WHAT TO WORK ON » In the records below, find the line containing "为庆祝菲律宾独立日,宿航1元" and the line containing "Неравнодушные могут перевести". Give again exactly those lines and every line between them, omitting the pictures.
BEGIN SOURCE RECORDS
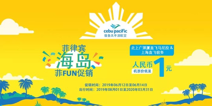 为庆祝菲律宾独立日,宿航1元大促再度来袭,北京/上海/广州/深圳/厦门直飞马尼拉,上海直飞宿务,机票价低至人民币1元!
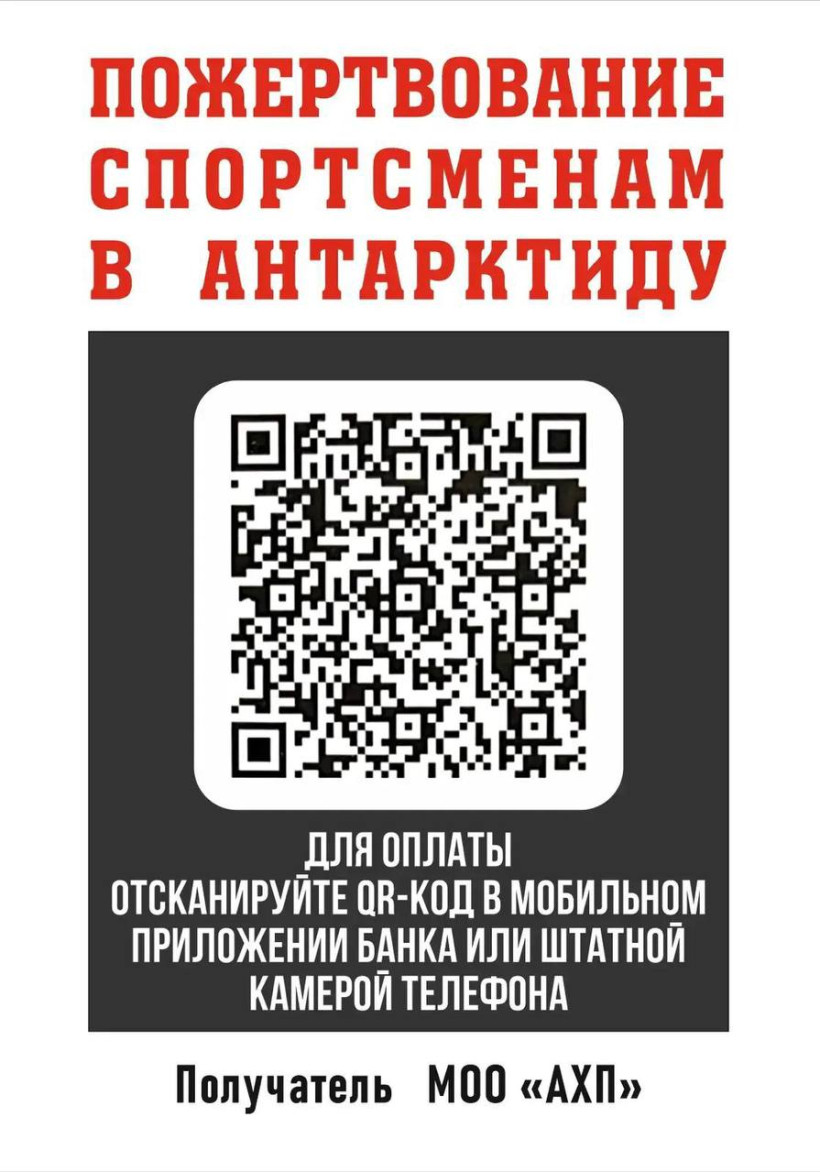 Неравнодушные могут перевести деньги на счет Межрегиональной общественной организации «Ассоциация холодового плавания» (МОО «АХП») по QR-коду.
END SOURCE RECORDS
BEGIN SOURCE RECORDS
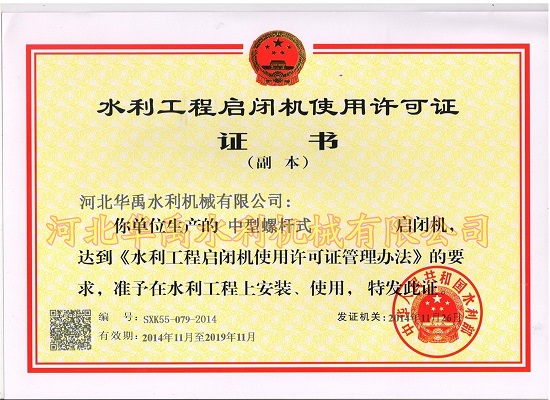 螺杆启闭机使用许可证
END SOURCE RECORDS
RESPONSE TO THIS TASK »
 为庆祝菲律宾独立日,宿航1元大促再度来袭,北京/上海/广州/深圳/厦门直飞马尼拉,上海直飞宿务,机票价低至人民币1元!
 Неравнодушные могут перевести деньги на счет Межрегиональной общественной организации «Ассоциация холодового плавания» (МОО «АХП») по QR-коду.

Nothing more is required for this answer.